Kembali Sekolah, Siswa SD yang Bolos 4 Bulan dan Kecanduan Game Online

Kompas.com Dipublikasikan 10.33, 21/11/2019 • Kontributor Magetan, Sukoco
KOMPAS.COM/SUKOCO
Kepala Dinas Pendidikan Kabupaten Magetan Suwoto yang langsung mendatangi rumah siswa kecanduan game online. Demi bermain game online siswa AD membolos hingga 4 bulan.

MAGETAN, KOMPAS.com –  AD (12) siswa kelas 6 SDN Banjaranjang, Kabupaten Magetan, Jawa Timur, mulai kembali masuk sekolah setelah sekitar 4 bulan bolos sekolah karena kecanduan game online.

Kepala Dinas Pendidikan Magetan Suwoto mengatakan, meski siswa mulai kembali mengikuti pelajaran di sekolah, pihaknya akan tetap memberikan pendampingan konseling maupun psikologi.

Hal itu agar siswa bisa sembuh total dari ketergantungan terhadap game online.

“Tetap ada pemantauan dan pendampingan guru BK, kita carikan yang tahu tentang psikolog,” ujar Suwoto, Rabu (21/11/2019).

Kompas.com sepat berbincang dengan AD.

Dia mengaku sudah hampir 5 tahun tak bertemu dengan orangtuanya yang merantau ke Kalimantan mencari nafkah dengan berjualan bakso.

Untuk berkomunikasi, biasanya orangtua AD yang akan menelepon.

”Sudah 5 tahun belum pulang. Paling ditelepon,” kata AD.

Game favorit hingga bangun tengah malam

AD mengaku kecanduan game online sejak setahun terakhir, setelah memiliki ponsel android.

Dia mengaku mencari game perang yang disukainya dari Play Store.

Meski beberapa temannya ada yang suka mengajak bermain, dia memilih menyendiri di dalam kamar untuk bermain game online.

“Pertama main Mobile Legend, sampai sekarang masih main.
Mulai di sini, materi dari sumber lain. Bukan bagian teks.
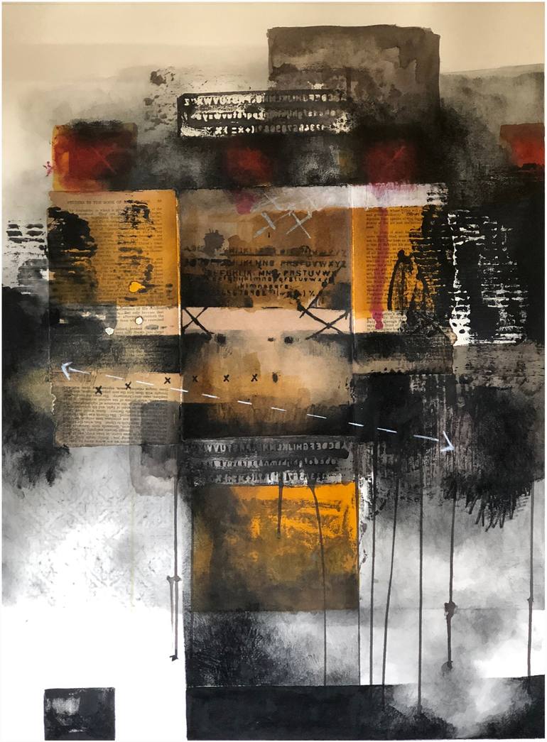 Layered grey lead pencils [various types], inks, acrylic paint colour, oil sticks and printing techniques. Collage with vintage book pages and transfer techniques. Drawing on quality Saunders Waterford300 gsm paper. [not framed] Artwork will require framing for proper hanging and finish. Signed a...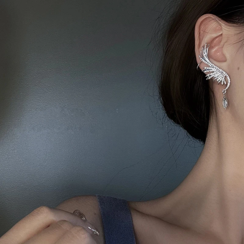 1 шт. серебряный цвет Крылья Ангела Роскошные Кристальные серьги-ре...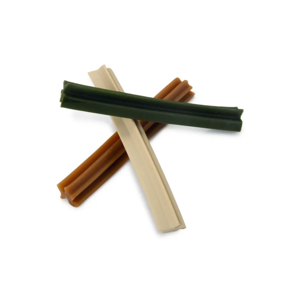Beeztees Hondensnack Veggie Staaf Mix 18 cm is een heerlijke snack voor jouw hond die qua samenstelling perfect is. De staaf heeft een tandheelkundig effect en is gemaakt van plantaardige ingrediënten. Hierdoor is deze snack laag in eiwitten, vetten en gluten. De mix bestaat uit drie varianten: mint, calcium en naturel.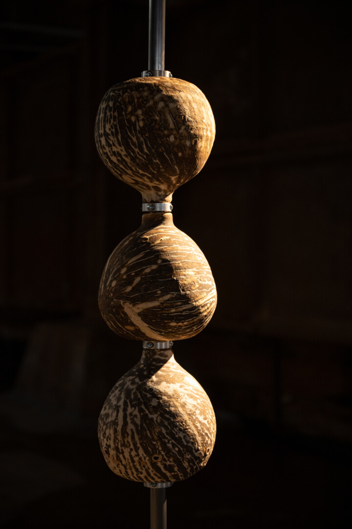 J. C. Decaux buvo labai metaforiška skulptūra, naudojant skirtingas medžiagas ir mąstant, kaip jos geologiškai veikia per ilgus laikotarpius. O šioje parodoje viskas labai vietiška: dirbau su vietiniu vandeniu, mikroorganizmais aplink rezervuarą. Surinkau mieles nuo augalų paviršių, ore ir aplinkui gyvenančius mikroorganizmus, su jais kūriau skysčių receptus, kuriais užpildžiau indus.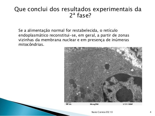 4. 4. Que conclui dos resultados experimentais da 2ª fase? Se a alimentação normal for restabelecida, o retículo endoplasmático reconstitui-se, em geral, a partir de zonas vizinhas da membrana nuclear e em presença de inúmeras mitocôndrias. 4Nuno Correia 09/10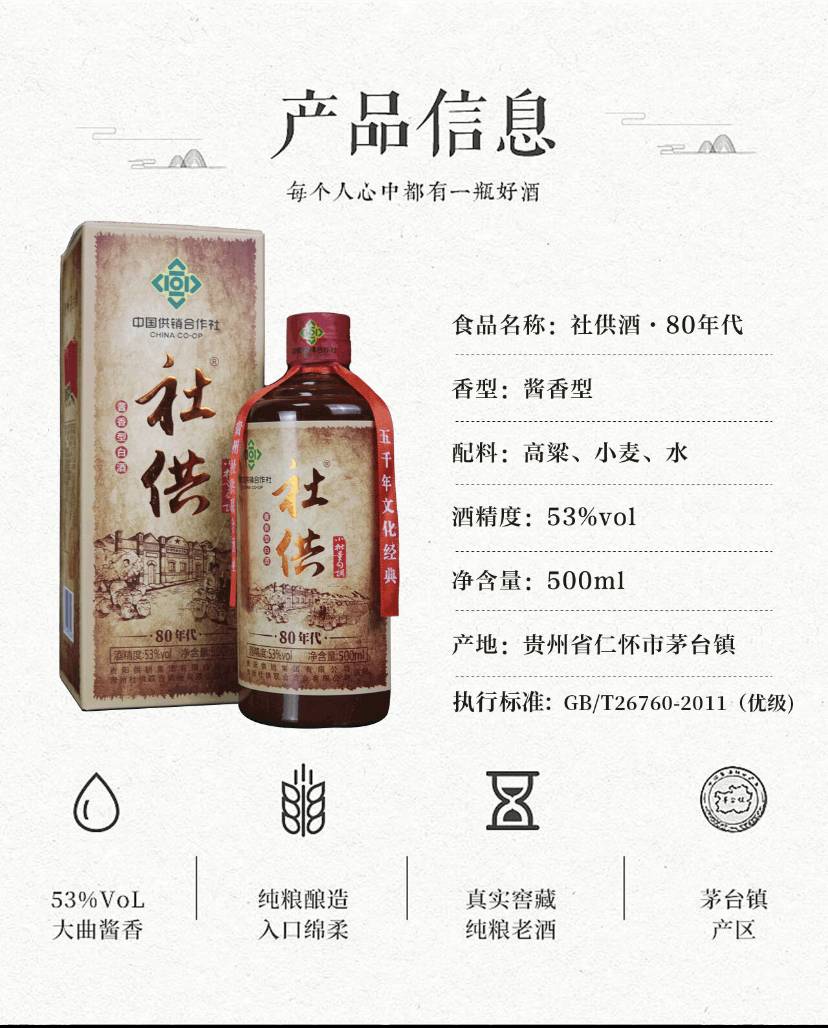 社供 80年代贵阳供销集团出品年货送礼 53度 酱香型白酒500ml 整箱6瓶装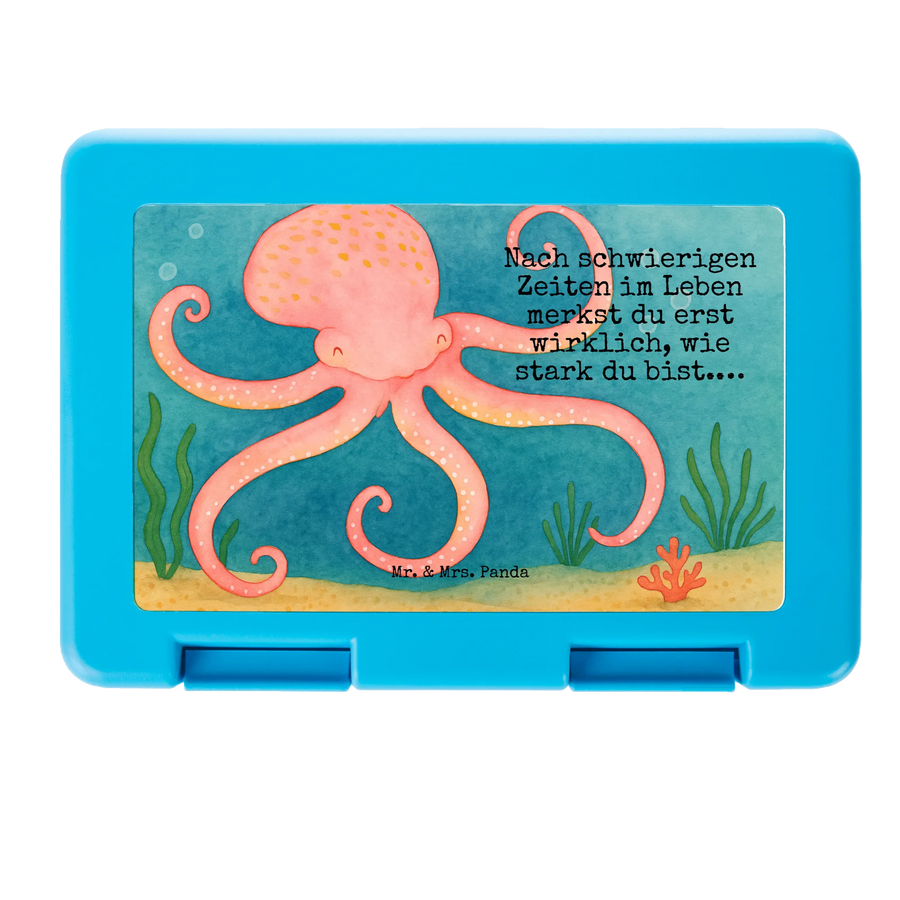 Bring ein Stück Meer in die Pause! Die Brotdose mit dem fröhlichen roten Tintenfisch macht jede Mittagspause bunter und sorgt für gute Laune. Der Tintenfisch winkt dir mit seinen vielen Armen zu und begleitet dich durch Schulstunden, Arbeitspausen oder beim Picknick. Der liebevoll platzierte Spruch „Nach schwierigen Zeiten im Leben merkst du erst wirklich, wie stark du bist.…“ schenkt Mut und Wärme – ein kleines Geschenk fürs Herz.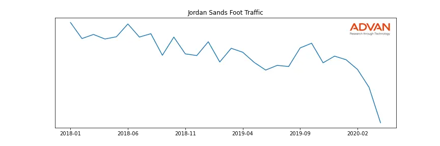 Jordan Sands along with another 166 companies belongs to the Advan Materials. The following chart shows the foot traffic index on this sector.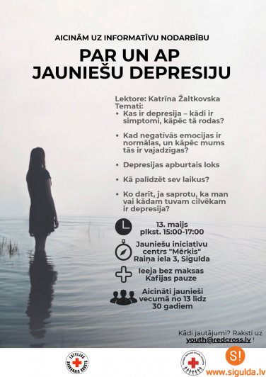 Pirmdien, 13. maijā, no plkst. 15.00 līdz 17.00 jauniešu iniciatīvu centrā „Mērķis”, Raiņa ielā 3, notiks praktisks seminārs „Par un ap jauniešu depresiju” kopā ar Latvijas Sarkanā Krusta lektori, psiholoģi Katrīnu Žaltkovsku.
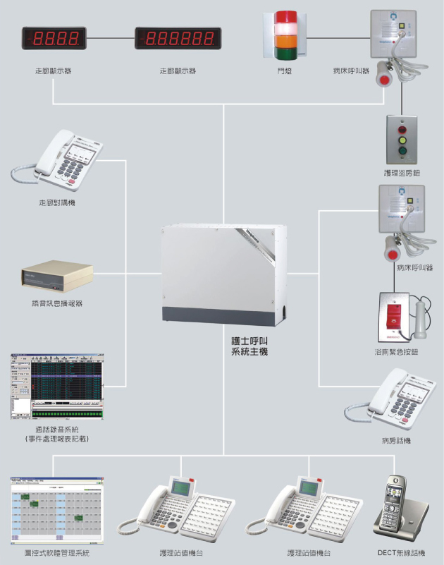 室內互呼、雙向對講、廣播呼叫、緊急求救、RFID感應操作、保全迴路顯示。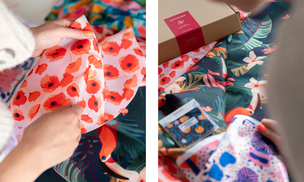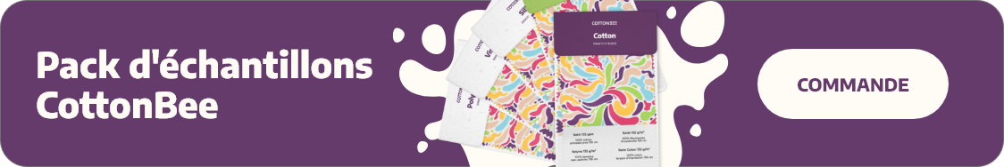 Par exemple, pour imprimer 1 mètre linéaire d’un motif avec des pigments sur un tissu en coton, vous paierez chez CottonBee à partir de 16,90€ par mètre linéaire de matériau imprimé, et le délai de réalisation de cette commande est de 5 jours ouvrés au maximum (souvent moins). Une commande aussi petite dans une imprimerie réactive ne serait pas acceptée pour la production, et il faudrait attendre plusieurs semaines pour un rouleau de tissu entier. Il est judicieux de prendre en compte ces facteurs lors du choix de la technologie pour l’impression de vos projets.

Kalau sekarang suka main Dry Fire,” kata AD.

AD mengaku awal kecanduan game online hanya berani membolos sekolah dua hari dalam seminggu. 

Namun, lama kelamaan karena butuh lebih banyak waktu untuk menaikkan peringkatnya, dia bermain hingga larut malam.

Akhirnya, AD berani membolos sekolah lebih lama dari biasanya.

Bahkan, agar bisa bermain game online, dia berani tidak masuk sama sekali ke sekolah.

"Habis lebaran kemarin saya enggak masuk sekolah,” ucapnya.

Main game tengah malam karena internet lancer.

AD mengaku lebih suka bermain pada saat tengah malam. Sebab, jaringan internet lebih lancar pada jam-jam tersebut.

Sejak kecanduan game online, AD mengaku jarang keluar dari kamar tidur.

Untuk membeli pulsa, AD meminta kepada neneknya. Dalam sehari, dia mengaku menghabiskan pulsa Rp 27.000 untuk bermain.

Rindu sekolah dan matematika

AD mengaku rindu dengan aktivitas sekolahnya dan pelajaran matematika yang digemari.

Dia mengaku nilai matematikanya termasuk paling bagus di sekolah.

“Saya suka pelajaran matematika. Cukup bagus sih nilai saya di sekolah,” kata AD.

Selain memberikan pendampingan konseling maupun psikolog, pihak SDN 1 Banjarpanjang berusaha meminta kepada orangtua AD agar bisa pulang menjenguk anaknya.

Kepala SDN 1 Banjarpanjang Eko Purnomo mengatakan, orangtua AD mengaku akan berusaha pulang untuk menjenguk anaknya tersebut.

“Kemarin kita telepon, Bapaknya berusaha pulang, tapi masih berusaha mengumpulkan ongkos. Maklum, butuh biaya yang tidak sedikit untuk pulang,” ujar Eko.